How can school systems weave together Indigenous ways of knowing and response-tointervention to reduce chronic absenteeism in Alberta?
Bibliographic record
Abstract
It is well documented that students who demonstrate high levels of absenteeism are at an increased risk for a number of negative outcomes (e.g., see Fuhs et al., 2018). What is becoming increasingly evident, however, is that students who experience chronic stressors, such as socioeconomic disadvantage, mental health challenges, or cultural marginalization are at an increased risk for school absenteeism and represent specific populations who would greatly benefit from innovative proactive and reactive intervention techniques (Wimmer, 2013).
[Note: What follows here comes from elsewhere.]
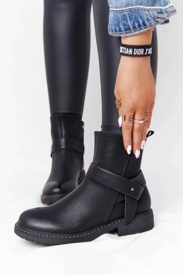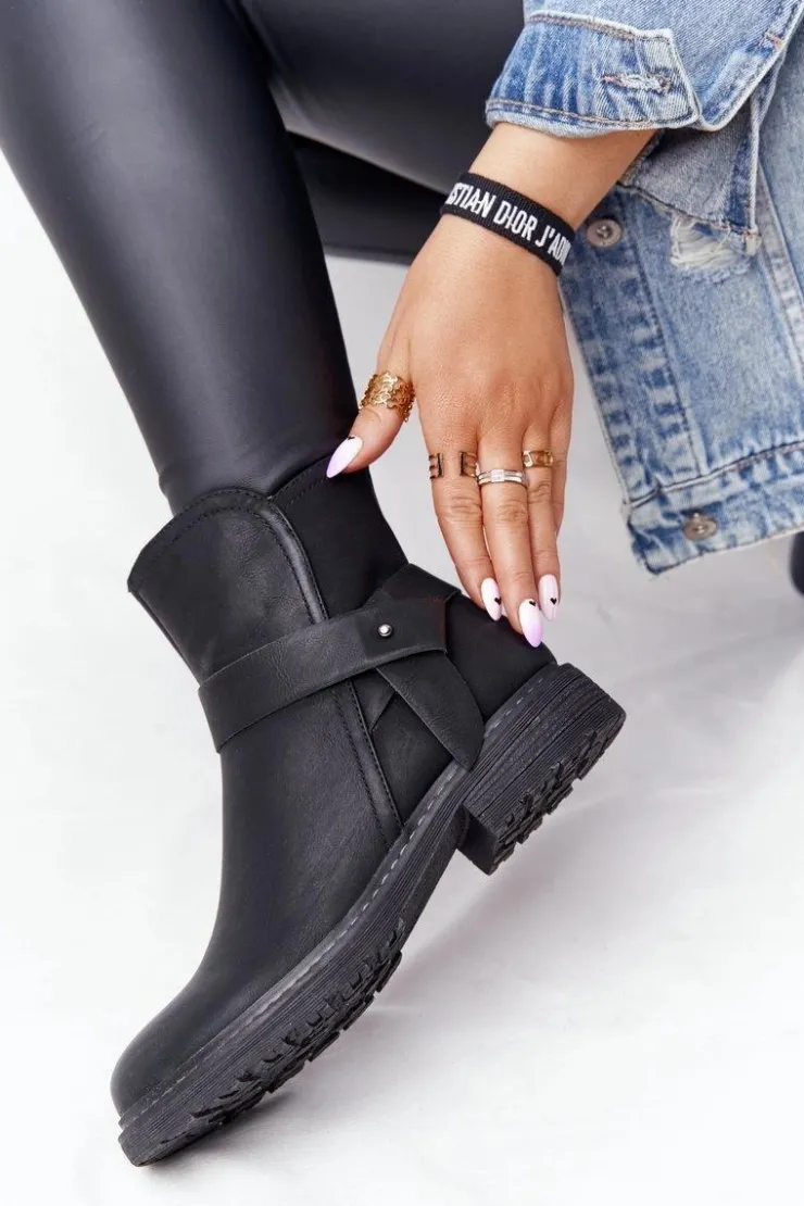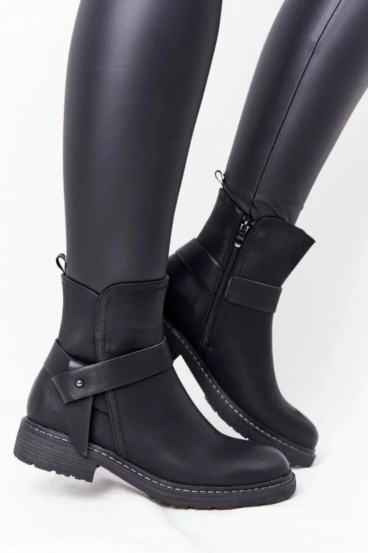 New Boto Damskie Ocieplane Botki Workery Czarne Alivia
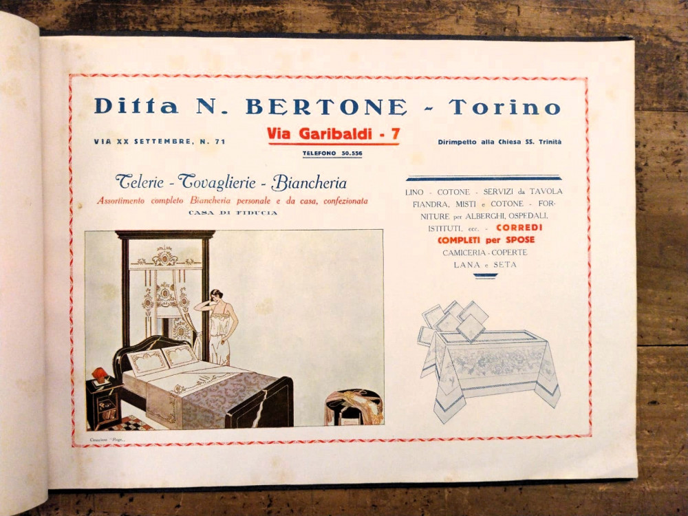 Le tavole sono eseguite in litografia a più colori. Tra le aziende storiche torinesi troviamo: articoli per la casa di Laberti in via Mazzini n° 3; cristalleria dei fratelli Prochet in via Pietro Micca n° 6; fioreria della Ditta Bocca di Ida e Olga Bourlot in piazza S. Carlo n° 10; pellicceria di Ernesto Massa in via Roma n° 20; mode per uomo di E. Parmigiani in piazza Castello n° 26; telerie della Ditta N. Bertone in via Garibaldi n° 7; mobilificio di Mario Steffenino in via Pinelli n° 3; tappezzeria della Ditta Gottardo Baruchello in via Lagrange n° 2; laneria Carlo Poggio in via Garibaldi n° 13; fotografia del Comm. Carlo Gherone in piazza Carlo Felice n° 7; guantificio Francesco Scotti in via S. Teresa n° 19; manifattura pizzi della Ditta Angelo Marelli in via Porta Palatina n° 1; distilleria G. R. Sacco di Mulassano in via Bogino n° 13, etc.

Current Rocky View Schools (RVS) data suggests that of the nearly 800 students who identify as Indigenous within the district, 30% can be considered chronically absent. Data analyzed from September 2017 to April 2018 revealed that on-reserve students who attend an RVS school demonstrated the highest percentage of chronic absenteeism – an alarming 80%. Additionally, these on-reserve students have missed an average of 32 days of school to date this year (representing close to 23% of the school year). Based on the results of the internal data analysis, this study examines the experiences in a public school of First Nations students, who reside on reserve. Interviews were conducted with parents and students and surveys were responded to by staff and what was revealed as a barrier to attendance was a form of cross-cultural anxiety.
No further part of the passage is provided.